Lack of regulation, data, and oversight plagues SL’s lubricant industry

Sri Lanka’s lubricant industry continues to operate without a dedicated regulatory framework, more than a year after formal plans for one were first announced.

The previous administration failed to act on its 2023 commitment, and the current government has yet to clarify its stance—raising alarm within the industry.

Despite repeated appeals from stakeholders for oversight and structure, no concrete action has followed. Industry players have escalated the matter to the relevant authorities.

“Proper legislation and effective implementation would significantly reduce government revenue losses caused by unauthorised operators,” stated Chevron Lubricants Lanka Managing Director/CEO Bertram Paul in the company’s latest annual report.

In the second quarter of 2024, the Cabinet approved the formation of a panel—led by the Power and Energy Ministry Secretary—to draft terms of reference for a petroleum sector regulator to oversee liquefied petroleum gas, fuels, and lubricants.

Following this, the ministry engaged industry participants mid-year to gather input on the proposed framework.
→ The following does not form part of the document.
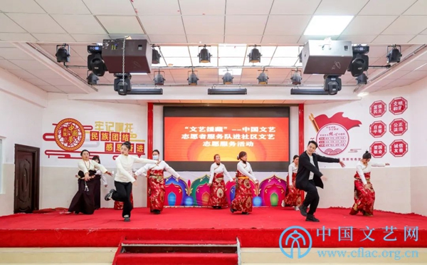 杭州市文艺两新发展促进会、杭州新青年歌舞团股份有限公司的文艺志愿者服务队和蒙古族青年歌手、“最美志愿者”获得者、中国文艺志愿者协会理事乌兰图雅共同表演歌舞《点赞新时代》。(朱旭洁摄)

A follow-up meeting was held in July 2024.

Paul revealed that the meeting concluded with a proposal to appoint the Public Utilities Commission of Sri Lanka (PUCSL) as an interim regulator. The PUCSL had previously acted as a de facto regulator for lubricants.
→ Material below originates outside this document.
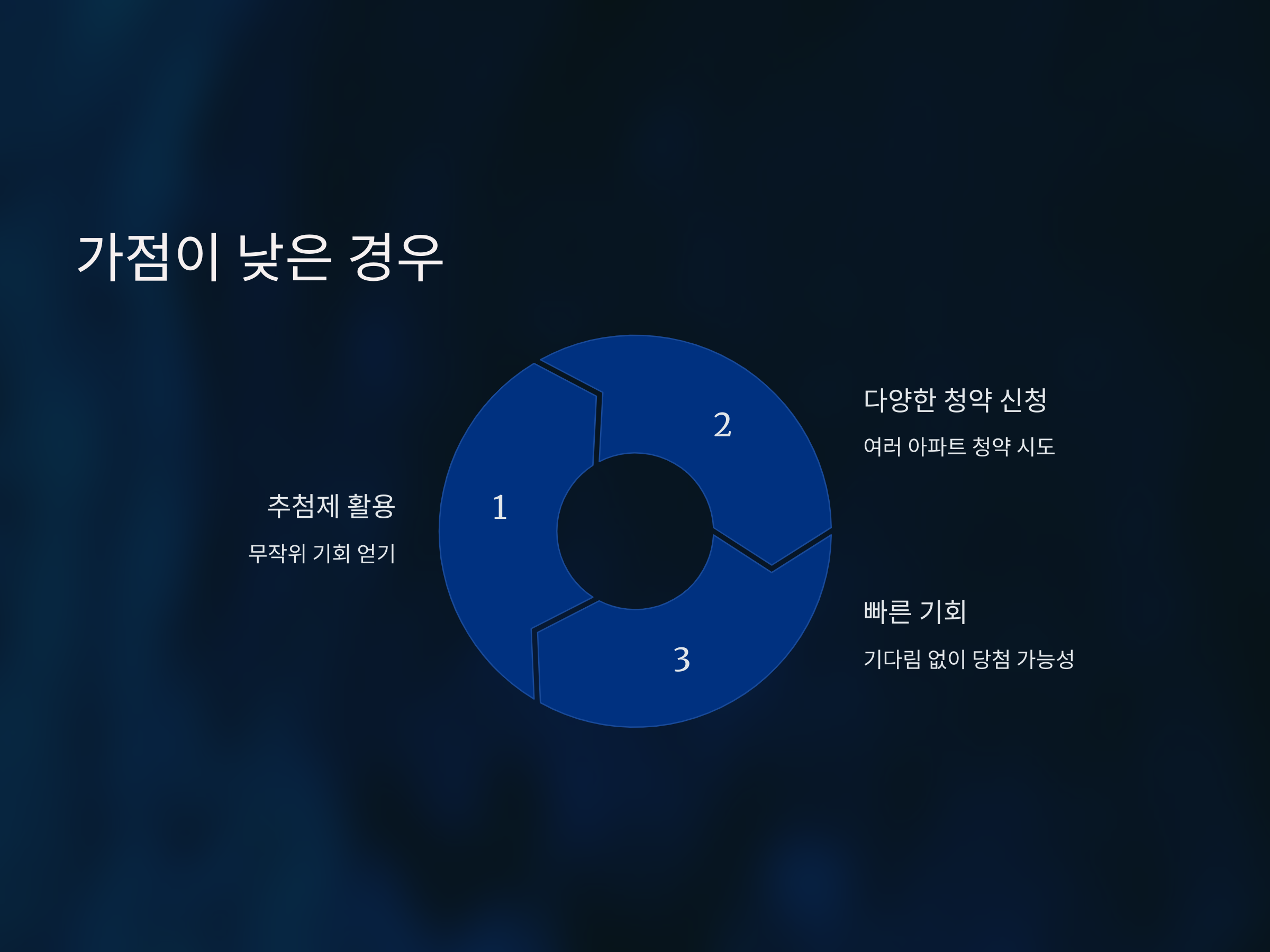 - 가점이 낮은 경우: 추첨제를 통해 빠르게 기회를 얻을 수 있으며, 기다림 없이 당첨될 수 있습니다.

Chevron submitted its recommendations as requested. However, Paul noted that no progress has since been made—neither in formalising the regulatory authority nor in appointing the PUCSL to the interim role.

The industry suspects that the delay in implementing reforms is partly due to the looming presidential and parliamentary elections.
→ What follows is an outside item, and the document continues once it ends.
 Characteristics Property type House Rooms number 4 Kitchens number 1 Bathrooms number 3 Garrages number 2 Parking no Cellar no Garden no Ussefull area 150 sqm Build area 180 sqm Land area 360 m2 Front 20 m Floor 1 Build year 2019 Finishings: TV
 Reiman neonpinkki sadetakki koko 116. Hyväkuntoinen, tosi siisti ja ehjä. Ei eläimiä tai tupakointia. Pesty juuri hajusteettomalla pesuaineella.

Meanwhile, companies continue to pay lubricant licence fees to the Power and Energy Ministry, deviating from the earlier practice of remitting these to the PUCSL. This shift has coincided with the suspension of key support services, including the quarterly lubricant market report, which provided valuable insights on market share and product trends.

The most recent report—covering the third quarter of 2023—was issued 18 months ago.

“This is especially frustrating, as all lubricant operators are still required to submit quarterly sales data, which forms the basis for the licence fees paid to the government,” Paul pointed out.

Compounding industry concerns is the discontinuation of market monitoring efforts previously carried out by the PUCSL and Consumer Affairs Authority. These efforts played a crucial role in controlling product adulteration and the activities of unauthorised players.

Paul warned, “The vacuum created by the absence of a regulator will likely lead to the proliferation of unauthorised operators and substandard products.”